- DATA SEGMENT
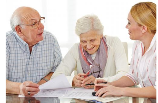
Pieaugušo izglītības sektors KA210-ADU
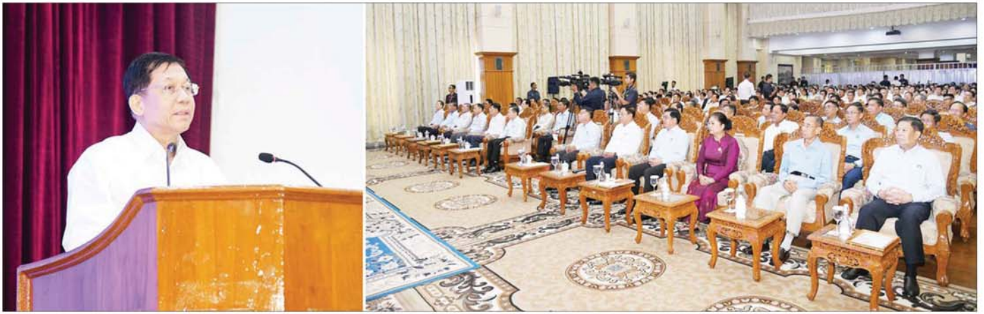
နိုင်ငံတော်စီမံအုပ်ချုပ်ရေးကောင်စီဥက္ကဋ္ဌ နိုင်ငံတော်ဝန်ကြီးချုပ် ဗိုလ်ချုပ်မှူးကြီးမင်းအောင်လှိုင် ရာဂီမှန်တိုင်းနှင့် ဆက်စပ်ဖြစ်ပွားသော ရေဘေးကြောင့် ရေဘေးဒဏ်သင့်ခဲ့ရသည့် ဒေသများ၌ ကူညီကယ်ဆယ်ရေးနှင့် ပြန်လည်ထူထောင်ရေးလုပ်ငန်းများ ဆောင်ရွက်ရန်အတွက် စေတနာရှင်၊ အလှူရှင်များက အလှူငွေများ ပေးအပ်လှူဒါန်းပွဲတွင် ကျေးဇူးတင်စကား ပြန်လည်ပြောကြားခဲ့ပါသည်။

၀ ရှေ့ဖိုးမှ ဦးစွာ ရာဂီမှန်တိုင်းနှင့် ဆက်စပ် ဖြစ်ပွားသော ရေဘေးကြောင့် သဘာဝဘေးအန္တရာယ်ကျရောက် ခဲ့မှု အခြေအနေများ၊ ရှာဖွေ ကယ်ဆယ်ထောက်ပံ့ရေးလုပ်ငန်း များ ဆောင်ရွက်ခဲ့မှု အခြေအနေ များကို မှတ်တမ်းတင်ထားသည့် “သဘာဝ ဘေးအန္တရာယ်ကို ညီညွတ်မှုဖြင့် ရင်ဆိုင်ကျော်လွှား ကြမည်” Video Clip ကို ဖွင့်လှစ် ပြသသည်။

- DIRECTIONS
Please output the listing above in full, exactly as given, without its images.

- TASK SOLUTION
Pieaugušo izglītības sektors KA210-ADU
နိုင်ငံတော်စီမံအုပ်ချုပ်ရေးကောင်စီဥက္ကဋ္ဌ နိုင်ငံတော်ဝန်ကြီးချုပ် ဗိုလ်ချုပ်မှူးကြီးမင်းအောင်လှိုင် ရာဂီမှန်တိုင်းနှင့် ဆက်စပ်ဖြစ်ပွားသော ရေဘေးကြောင့် ရေဘေးဒဏ်သင့်ခဲ့ရသည့် ဒေသများ၌ ကူညီကယ်ဆယ်ရေးနှင့် ပြန်လည်ထူထောင်ရေးလုပ်ငန်းများ ဆောင်ရွက်ရန်အတွက် စေတနာရှင်၊ အလှူရှင်များက အလှူငွေများ ပေးအပ်လှူဒါန်းပွဲတွင် ကျေးဇူးတင်စကား ပြန်လည်ပြောကြားခဲ့ပါသည်။

၀ ရှေ့ဖိုးမှ ဦးစွာ ရာဂီမှန်တိုင်းနှင့် ဆက်စပ် ဖြစ်ပွားသော ရေဘေးကြောင့် သဘာဝဘေးအန္တရာယ်ကျရောက် ခဲ့မှု အခြေအနေများ၊ ရှာဖွေ ကယ်ဆယ်ထောက်ပံ့ရေးလုပ်ငန်း များ ဆောင်ရွက်ခဲ့မှု အခြေအနေ များကို မှတ်တမ်းတင်ထားသည့် “သဘာဝ ဘေးအန္တရာယ်ကို ညီညွတ်မှုဖြင့် ရင်ဆိုင်ကျော်လွှား ကြမည်” Video Clip ကို ဖွင့်လှစ် ပြသသည်။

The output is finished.